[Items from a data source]
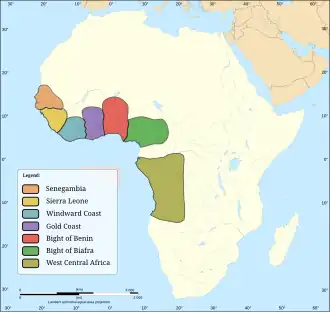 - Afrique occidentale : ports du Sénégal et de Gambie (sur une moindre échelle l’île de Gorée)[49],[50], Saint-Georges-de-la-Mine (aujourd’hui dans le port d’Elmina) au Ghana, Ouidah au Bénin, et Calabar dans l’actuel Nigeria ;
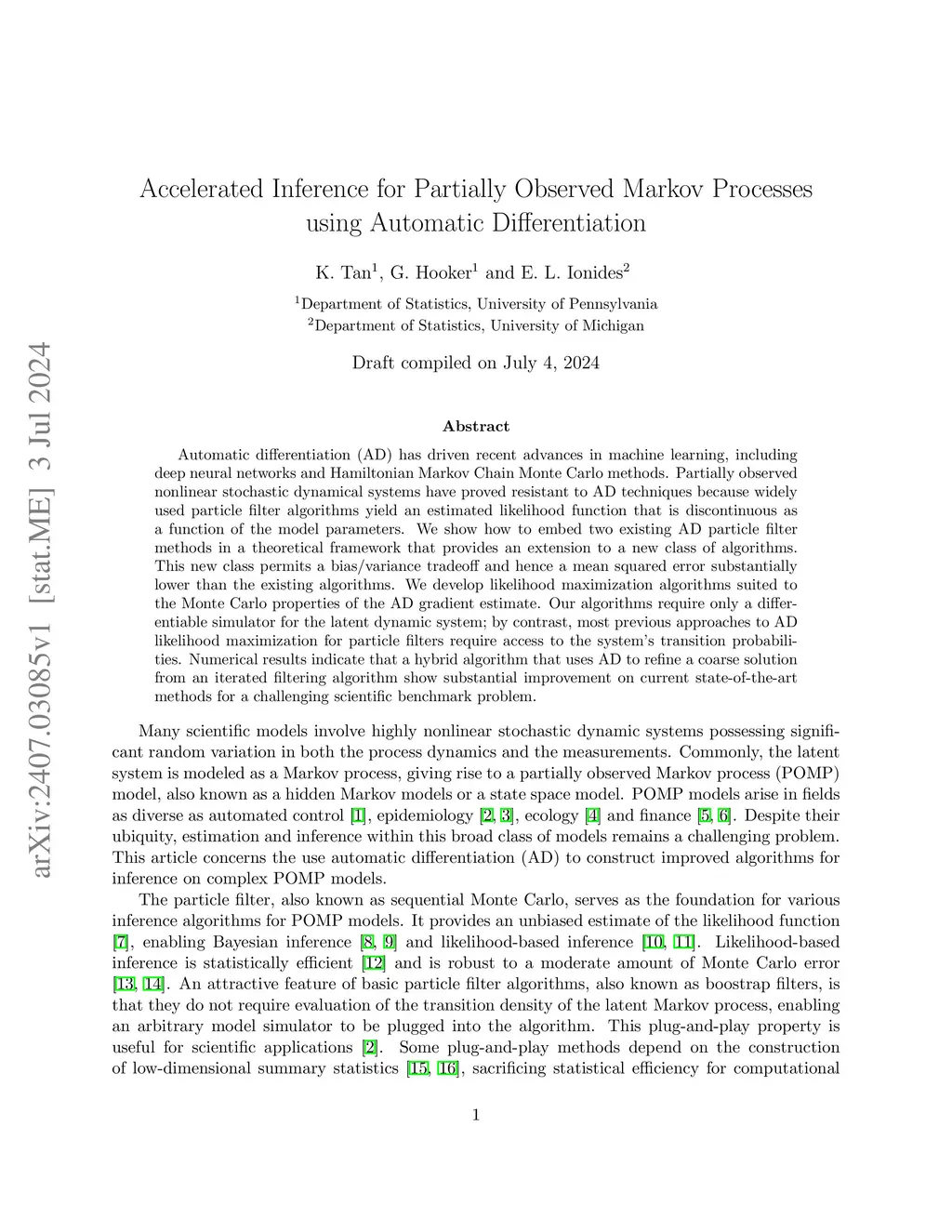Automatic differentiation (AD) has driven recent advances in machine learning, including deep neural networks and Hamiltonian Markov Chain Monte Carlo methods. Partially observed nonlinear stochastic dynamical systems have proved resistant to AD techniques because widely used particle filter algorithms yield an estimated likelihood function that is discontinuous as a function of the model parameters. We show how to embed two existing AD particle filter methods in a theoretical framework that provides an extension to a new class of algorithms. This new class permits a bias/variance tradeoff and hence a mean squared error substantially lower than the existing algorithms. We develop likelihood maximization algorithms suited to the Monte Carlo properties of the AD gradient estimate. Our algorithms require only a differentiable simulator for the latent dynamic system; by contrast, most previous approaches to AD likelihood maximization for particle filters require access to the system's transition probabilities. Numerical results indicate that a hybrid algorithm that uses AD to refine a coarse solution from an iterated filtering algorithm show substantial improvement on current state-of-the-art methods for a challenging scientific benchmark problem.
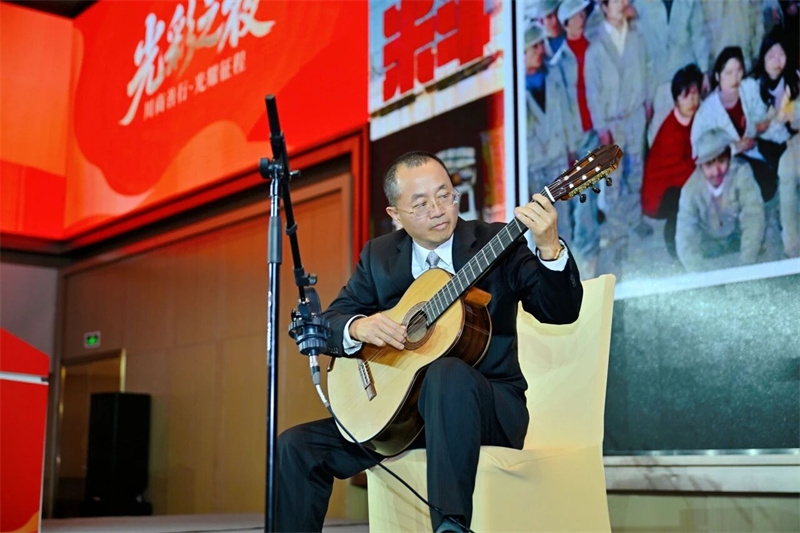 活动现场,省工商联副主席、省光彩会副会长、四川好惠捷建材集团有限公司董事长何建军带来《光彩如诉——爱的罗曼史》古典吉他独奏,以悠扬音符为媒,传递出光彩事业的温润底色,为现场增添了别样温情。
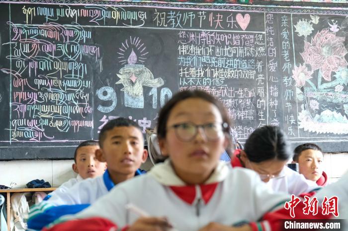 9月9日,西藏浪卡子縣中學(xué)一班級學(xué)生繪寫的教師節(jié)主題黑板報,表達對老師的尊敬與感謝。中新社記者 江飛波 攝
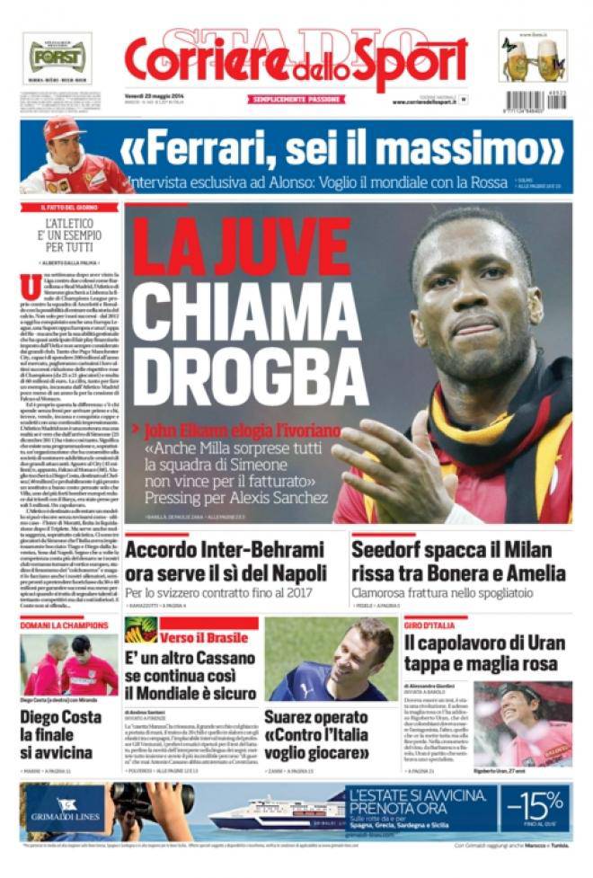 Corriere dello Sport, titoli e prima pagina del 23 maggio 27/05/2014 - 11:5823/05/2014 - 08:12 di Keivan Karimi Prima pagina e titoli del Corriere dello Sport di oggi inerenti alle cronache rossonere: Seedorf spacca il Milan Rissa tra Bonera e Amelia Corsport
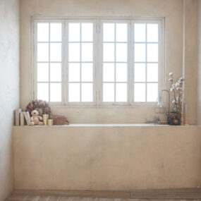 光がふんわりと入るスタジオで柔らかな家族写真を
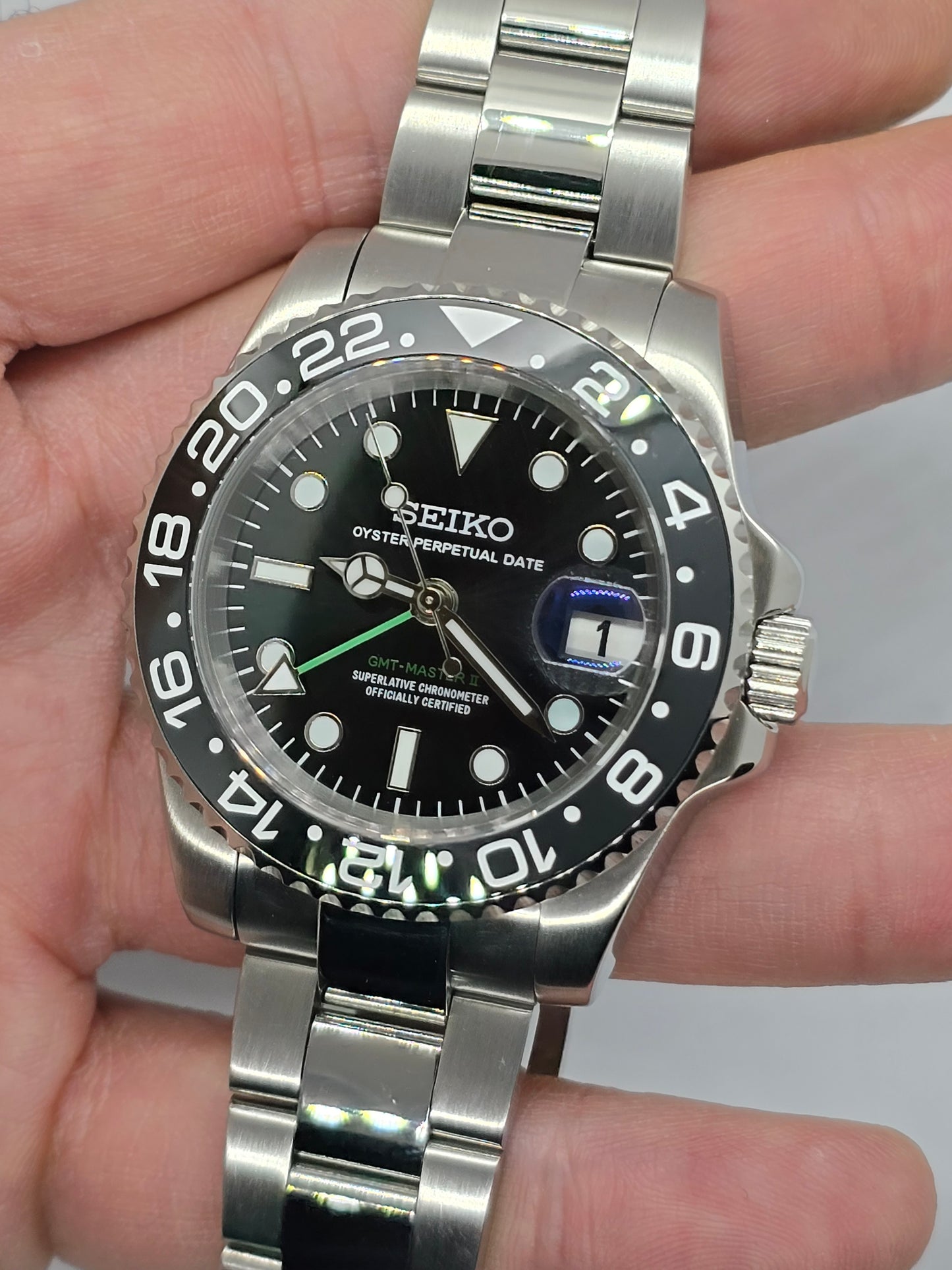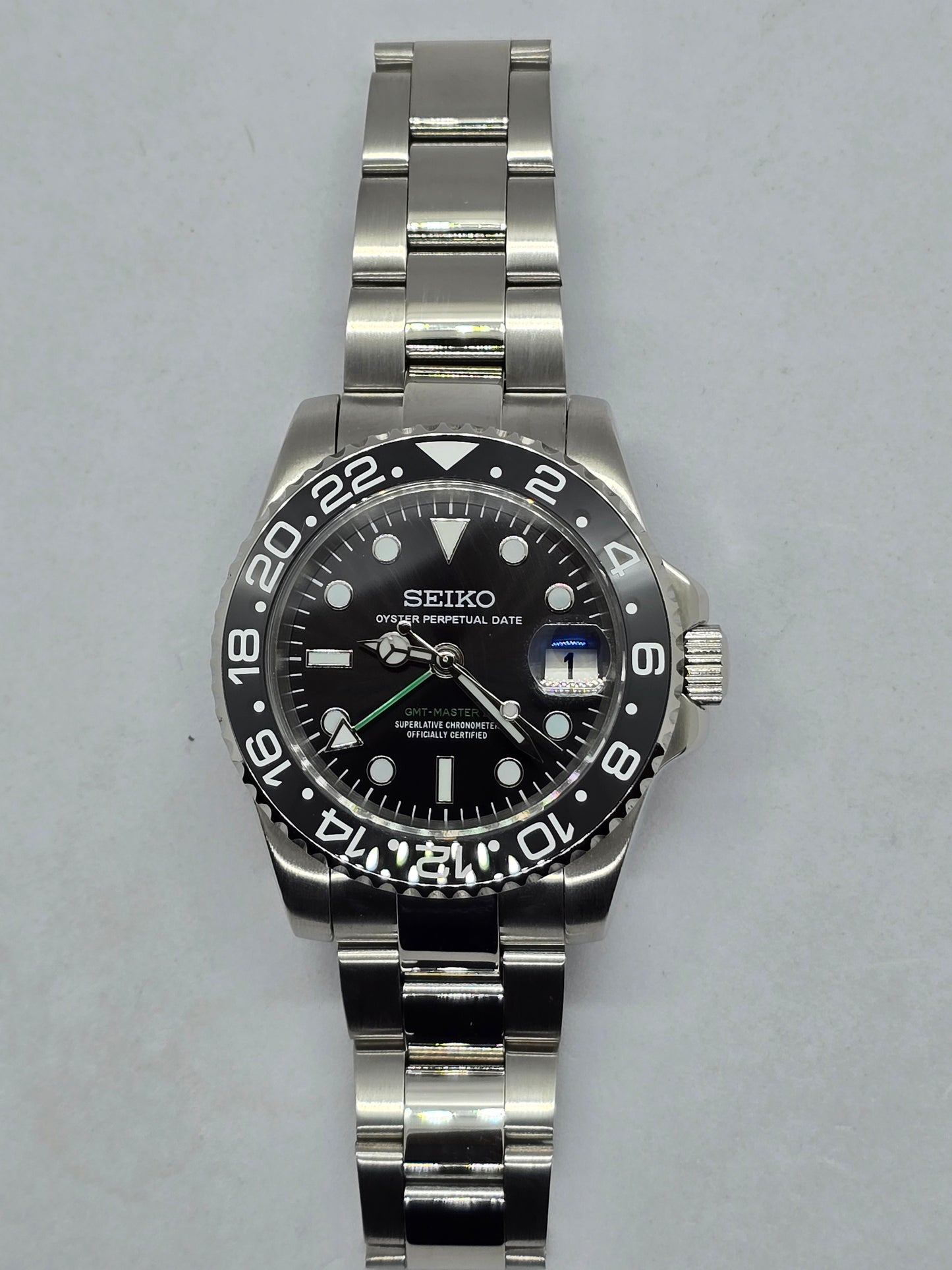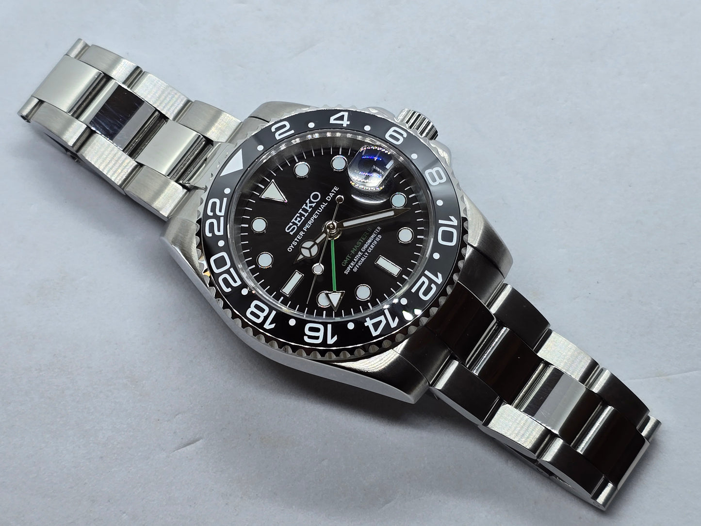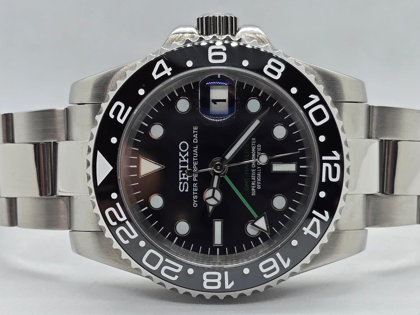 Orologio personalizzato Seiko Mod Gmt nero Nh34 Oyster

• Brief:
Repeat the data word for word. Skip the pictures.

• Written solution:
 - Afrique occidentale : ports du Sénégal et de Gambie (sur une moindre échelle l’île de Gorée)[49],[50], Saint-Georges-de-la-Mine (aujourd’hui dans le port d’Elmina) au Ghana, Ouidah au Bénin, et Calabar dans l’actuel Nigeria ;
Automatic differentiation (AD) has driven recent advances in machine learning, including deep neural networks and Hamiltonian Markov Chain Monte Carlo methods. Partially observed nonlinear stochastic dynamical systems have proved resistant to AD techniques because widely used particle filter algorithms yield an estimated likelihood function that is discontinuous as a function of the model parameters. We show how to embed two existing AD particle filter methods in a theoretical framework that provides an extension to a new class of algorithms. This new class permits a bias/variance tradeoff and hence a mean squared error substantially lower than the existing algorithms. We develop likelihood maximization algorithms suited to the Monte Carlo properties of the AD gradient estimate. Our algorithms require only a differentiable simulator for the latent dynamic system; by contrast, most previous approaches to AD likelihood maximization for particle filters require access to the system's transition probabilities. Numerical results indicate that a hybrid algorithm that uses AD to refine a coarse solution from an iterated filtering algorithm show substantial improvement on current state-of-the-art methods for a challenging scientific benchmark problem.
 活动现场,省工商联副主席、省光彩会副会长、四川好惠捷建材集团有限公司董事长何建军带来《光彩如诉——爱的罗曼史》古典吉他独奏,以悠扬音符为媒,传递出光彩事业的温润底色,为现场增添了别样温情。
 9月9日,西藏浪卡子縣中學(xué)一班級學(xué)生繪寫的教師節(jié)主題黑板報,表達對老師的尊敬與感謝。中新社記者 江飛波 攝
 Corriere dello Sport, titoli e prima pagina del 23 maggio 27/05/2014 - 11:5823/05/2014 - 08:12 di Keivan Karimi Prima pagina e titoli del Corriere dello Sport di oggi inerenti alle cronache rossonere: Seedorf spacca il Milan Rissa tra Bonera e Amelia Corsport
 光がふんわりと入るスタジオで柔らかな家族写真を
 Orologio personalizzato Seiko Mod Gmt nero Nh34 Oyster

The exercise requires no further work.